Tuesday, November 08, 2005

What's Really Happening with Home Prices?

Sales are slowing in some communities, and sale prices are sometimes softer. But how can you measure your local market? Peter Miller explains.
By: Peter G. Miller: RealtyTimes
For the past two years we have seen a gradual increase in mortgages and yet strong sales and prices in most metro areas. But this time around, things may be different.

It was in June, 2003 that mortgage rates reached a modern low: 5.21 percent and .5 points for fixed-rate, 30 year loans. The 2003 benchmark was the cheapest mortgage rate seen in 45 years, a time when Eisenhower was in the Oval Office.

It follows that low rates would spur buying, refinancing and rising prices (because of stronger demand). But now that rates are cooling, will we see less buying, less refinancing and declining prices?

According to Freddie Mac, rates for 30-year financing hit 6.31 percent (with .5 points) last week. For ARMs, the 1-year LIBOR rate stood at 3.2710 while the 11th District Cost of Funds Index was at 2.972 for October. To get the full ARM rate you need to combine the index with a "margin" of 2 or more percentage points.

The reality of these mortgage levels is that:

    • Relative to rates seen during the past five decades, today's mortgages are cheap.

• Every time rates move up or down the pool of potential buyers is impacted.

• With rates rising it is logical to assume that sales will experience some fall-
off if only because the pool of potential buyers is somewhat smaller because
with higher rates fewer people qualify for given levels of financing. With
fewer bidders and less demand, there is less pressure to increase prices.

• That there is less pressure pushing prices up does not mean prices will
decline. It could simply mean that prices will go up but not as much as would
otherwise be the case with lower rates.

• Slower price increases might well be good for everyone - when home prices
grow too quickly buyers are frozen out of the market because wages do not go
up with equal speed.

• What happens locally and what happens nationally may be different. Real estate
is an inherently localized commodity while mortgage rates tend to be similar
nationwide.

In looking at my local market I have seen several curious reactions.

Some asking prices have declined. Homes are on the market a touch longer. But generally, prices remain higher than a year ago and much, much higher than two years before.

Some brokers have apparently never seen a slowing market: One told me at an open house that sales were slowing because of "negative" coverage by a local newspaper. This is nonsense. If you believe that newspapers are causing a down market do you also believe they caused the huge run-up in prices seen in most places during the past few years?

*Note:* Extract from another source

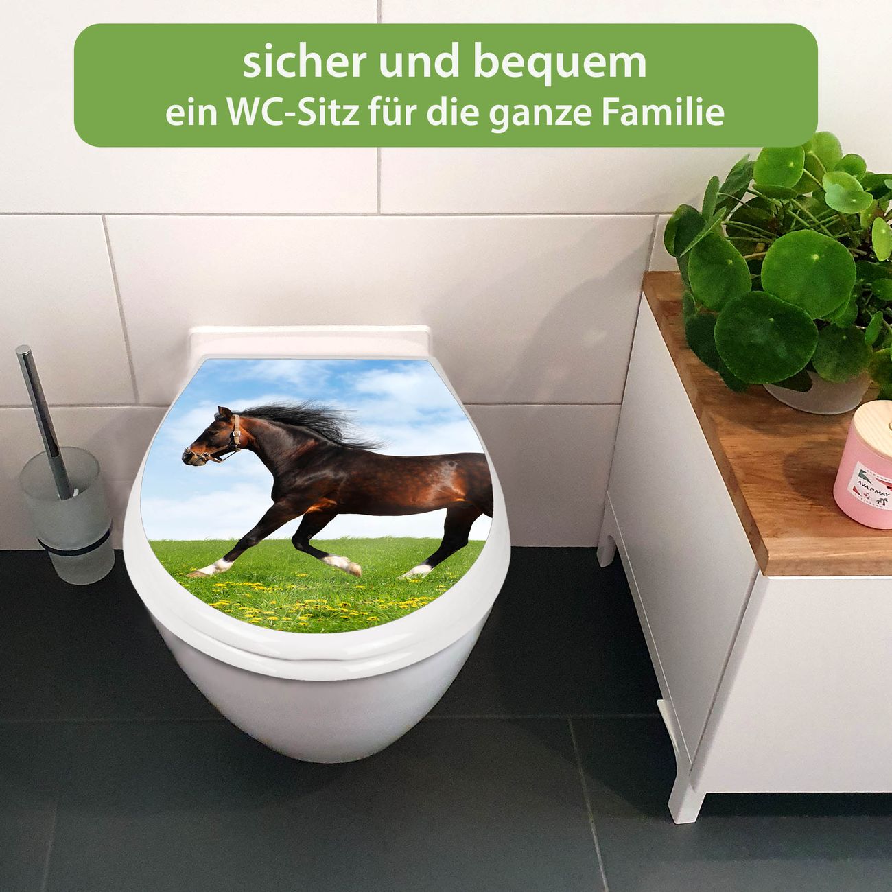 FUNKTION:Mit dem banjado Familien WC Sitz mit Absenkautomatik und dem Motiv Motiv Pferd verbinden Sie Design mit Funktionalität. Sie erhalten den Toilettendeckel in bewährt guter Qualität mit Montagematerial passend auf alle Euro-WC-Becken. Die Gesamtgröße beträgt 37,1cm x 44,9cm x 5cm, die Grundfarbe ist weiß.</p> DESIGN:Der Klodeckel in weiß mit Motiv Motiv Pferd hat eine ansprechende Optik, eine besondere Form und ist sehr stabil. Das Motiv besteht aus einer farbbrillianten Motivfolie, die durch ein Schutzlaminat zusätzlich vor Kratzern schützt. Der integrierte Kindersitz fügt sich harmonisch ein. DETAILS:Der Toilettensitz mit Soft Close besteht aus hochwertigem Polypropylen, ist geruchlos, ungiftig und kann mit handelsüblicher Seife gereinigt werden. Die Montage kann von von oben oder von unten erfolgen und ist kinderleicht. NUTZEN:Mit Hilfe der detaillierten Aufbauanleitung ermöglichen wir eine schnelle und unkomplizierte Montage. Die banjado Klobrille ist universell geeignet für alle Euro-WC-Schüsseln. Der Kindersitz kann unkompliziert entfernt werden. BANJADO:Ihr WC-Deckel wird in Sachsen in einer kleinen Manufaktur von Hand veredelt. Die Motivfolie ist lösungsmittelfrei und schutzlaminiert für einen langen Halt. Wir wünschen viel Freude bei der Auswahl eines schönen Motivs.

If you would like to see where your local market is headed, take a look at nearby MLS figures. Compare numbers for the past several months. Most MLS systems make such information available from member brokers as well as online and in news releases. Take a look at:
    • How many days are homes on the market? Longer average times suggest a slowing
market, faster selling times imply a stronger sales.

• How do average listing prices and average selling prices compare? If homes are
listed at $500,000 and sell for $495,000, then sale prices are 1 percent below
listing levels. Nearing 100 percent is evidence of a good market, normally you
would expect to see some separation between listing and sale prices.

• What's happening to average sale prices? Rising prices typically reflect a
strong market, however average prices can be misleading - they may reflect
changing inventories and thus may not be comparable.

For instance, if a community sells 300 condos and 300 detached homes, the average price may be x - whatever "x" might be. If the next year there are 400 condos and 200 detached home sales it may appear that average sales values have fallen. In fact, all that really changed was the inventory mix. Prices seem lower because condos tend to be less expensive than single-family homes and in the second year there were more condo sales.